After a while, you can become a bit inured to the poverty. You begin to accept the piles of garbage, the littered and dusty streets that we walk in or drive past. Seems a bit silly or impossible to address. I am reminded of the story told by John Dunne CSC who described an older man walking into the middle of a small village in India and asking yelling proclaiming “Does anybody care?”
Or as Arundhati Roy writes:
“…Like the country that Rahel came from, various kinds of despair competed for primacy. And that personal despair could never be desperate enough. That something happened when personal turmoil dropped by at the wayside shrine of the vast, violent, circling, driving, ridiculous, insane, unfeasible, public turmoil of a nation. That Big God…”

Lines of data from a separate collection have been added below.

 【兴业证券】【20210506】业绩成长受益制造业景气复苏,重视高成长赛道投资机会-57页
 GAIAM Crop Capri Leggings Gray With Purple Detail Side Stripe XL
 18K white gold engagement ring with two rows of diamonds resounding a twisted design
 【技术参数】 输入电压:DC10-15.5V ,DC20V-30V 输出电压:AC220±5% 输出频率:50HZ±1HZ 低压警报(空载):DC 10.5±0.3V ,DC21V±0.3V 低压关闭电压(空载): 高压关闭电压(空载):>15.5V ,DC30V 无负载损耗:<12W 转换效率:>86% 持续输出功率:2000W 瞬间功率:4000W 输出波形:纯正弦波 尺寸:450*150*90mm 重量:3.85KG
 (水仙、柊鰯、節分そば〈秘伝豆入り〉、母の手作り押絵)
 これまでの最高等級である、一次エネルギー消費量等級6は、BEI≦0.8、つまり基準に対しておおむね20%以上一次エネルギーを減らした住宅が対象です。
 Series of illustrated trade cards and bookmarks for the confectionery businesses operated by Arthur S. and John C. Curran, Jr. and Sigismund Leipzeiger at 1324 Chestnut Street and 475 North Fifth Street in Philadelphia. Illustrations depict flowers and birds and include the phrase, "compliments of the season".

She goes on describing one of the untouchables as a Small god…
“That Big God howled like a hot wind, and demanded obeisance. The Small god (cozy and contained, private and limited) came away cauterized, laughing numbly at his own temerity. Inured by the confirmation of his own inconsequence, he became resilient and truly indifferent. Nothing mattered much. Nothing mattered much. And the less it mattered, the less it mattered. It was never important enough….So small God laughed a hollow laugh, and skipped away cheerfully….the source of his brittle elation was the relative smallness of his misfortune.”

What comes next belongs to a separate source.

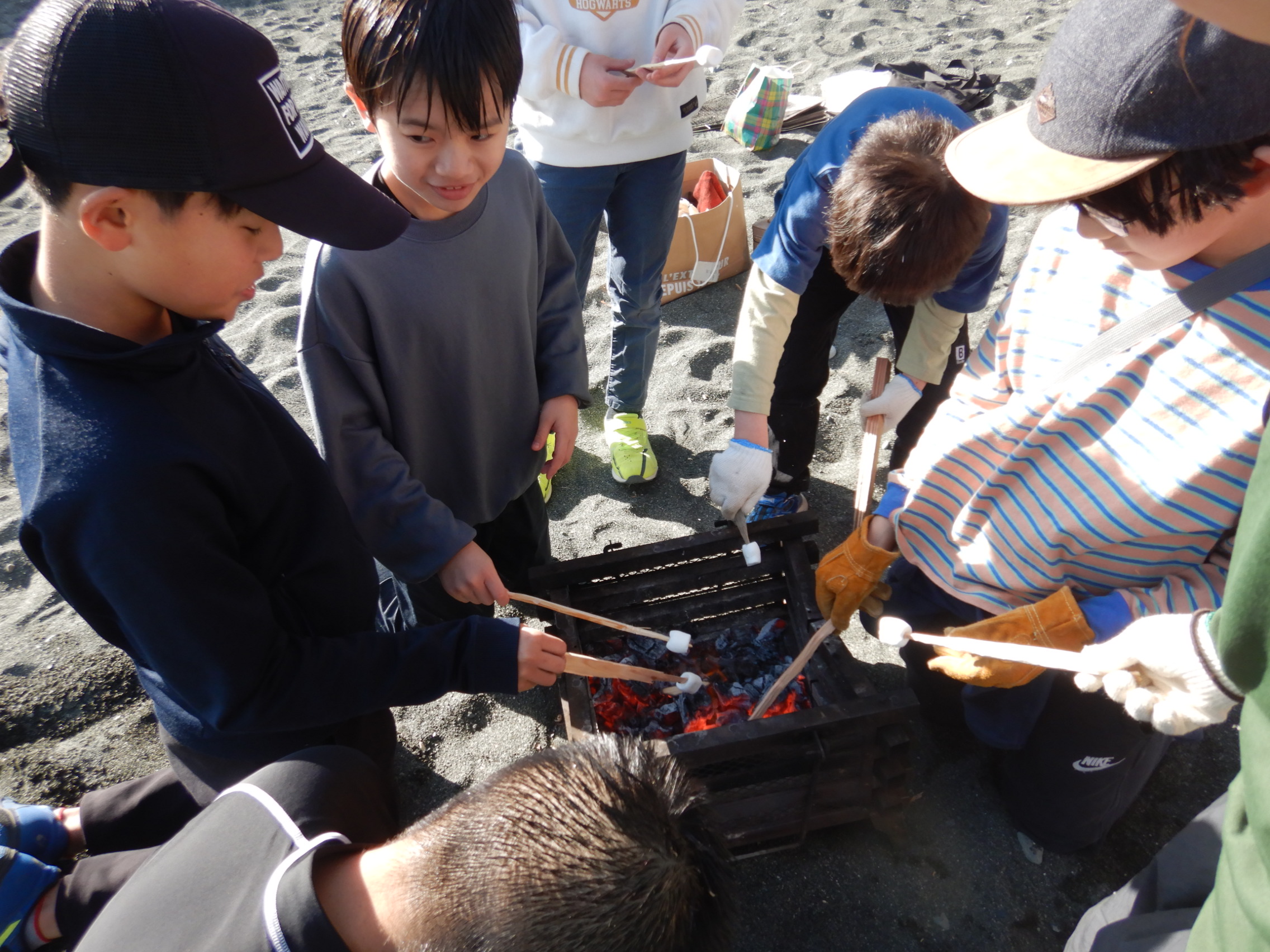 焚き火もいい具合に熾火になり、最後は子どもたちお待ちかねの焼きマシュマロ。

In the midst of such grinding poverty and powerful economic and social forces, it is still possible to achieve some detachment and find beauty and God in everything: “ They had nothing. No future. So they stuck to the small things. They laughed at clumsy caterpillars sliding off the ends of leaves, at overturned beetles that couldn’t right themselves…At the particularly devout praying mantis. At the minute spider who lived in a crack in the wall of the back verandah …and camouflaged himself by covering his body with bits of rubbish—a sliver of wasp wing.”

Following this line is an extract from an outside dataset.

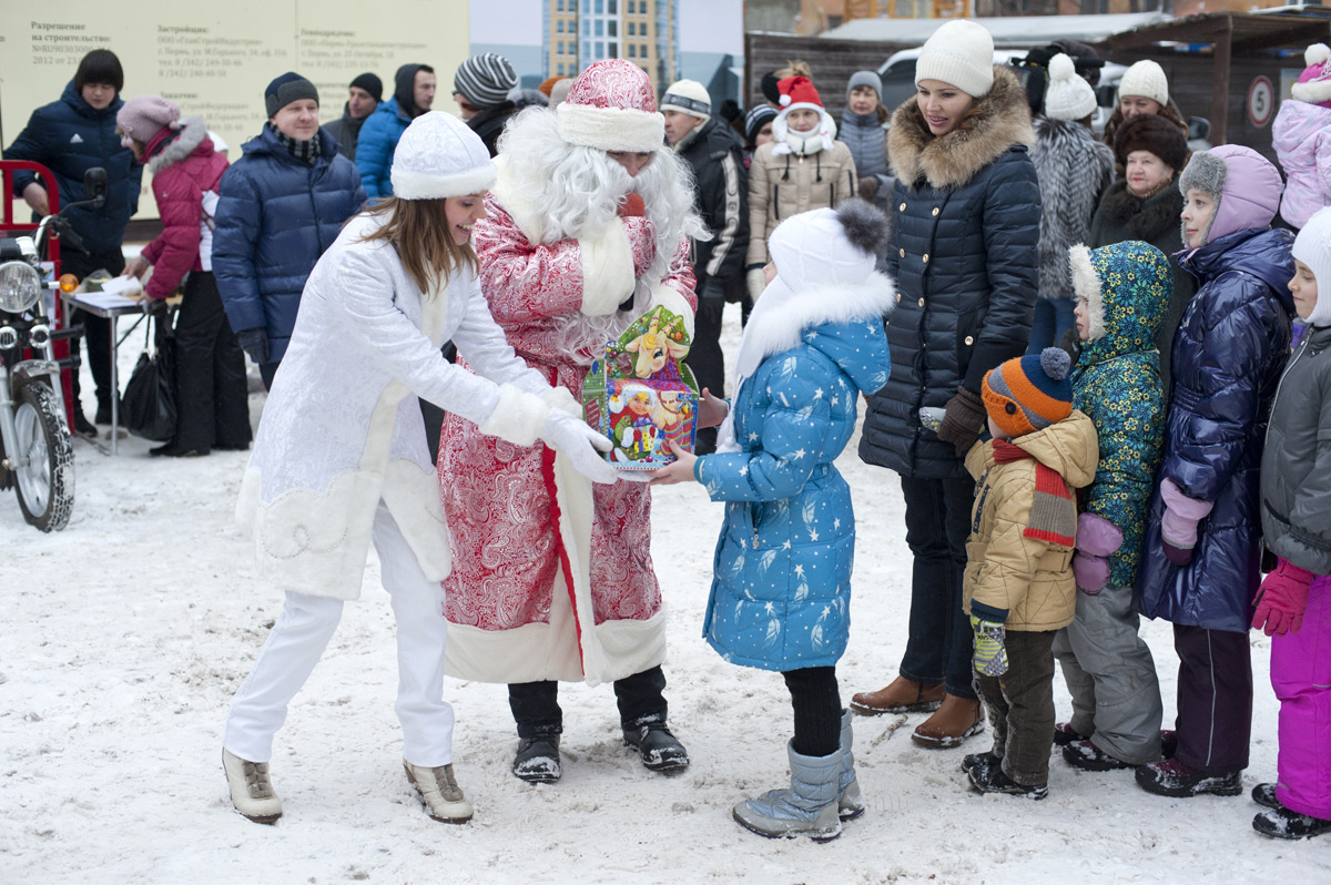 Для детишек прошла специальная программа. Маленькие жители Перми приняли участие в весёлых конкурсах, аттракционах, водили хоровод. Каждый ребёнок получил новогодний подарок, а всей детворе «ГлавСтройИндустрия» преподнесла большой общий сюрприз — горку для катания.

Living in the moment and experience the richness of life is always a goal. Be Here Now. In the Moment. Very Hard to Do and Is it enough? Perhaps. Am I then ignoring a call to see God in others and their plight?
To say it is chaotic and disorganized here is an understatement. Would a stronger more centralized government help? Barun Roy in an article in the Times of India said: “When it comes to patch up jobs, nobody can beat Indians. This is the only thing we excel in, having perfected it into an art, from repairing rain-damaged roads after every monsoon to pursuing economic policies that are always aimed at meeting temporary needs and dousing immediate fires, instead of taking a long view of where we want to go and how we intend to get there. “ He goes on to described how China has passed by India in so many respects. Particularly in planning infrastructure and laying out new cities and towns.
No doubt better governance would be a start. There are elections going on here and many Indians answer the elder’s question of “Does anybody care?” by going out and voting. A Maoist group promised to attack polling places and voters in one of the regions. It did not matter. Over 80 percent of the population of that region voted. Turnouts of over 70 percent are commonplace. The world’s largest democracy has a lesson for all other democracies in that regard.
At the end of the day, I cannot escape my responsibility for my brothers and sisters by suggesting that it all about the Indian government and its people. Such a thought is a classic escape route. The question becomes “Am I doing What I should do?”
One has to be careful to not give a quick and facile answer which is tempting. As James Martin writes “Ultimately we find our identity and vocation in God. Our desires come from God and lead to God.” In turn, as we discern those desires, our hope is that we will find a quiet joy and make a difference as we become who God has created us to be.
Similarly, Dorothy Day and The Catholic Worker movement focused on this power of micro-actions. What we do as an individual matters.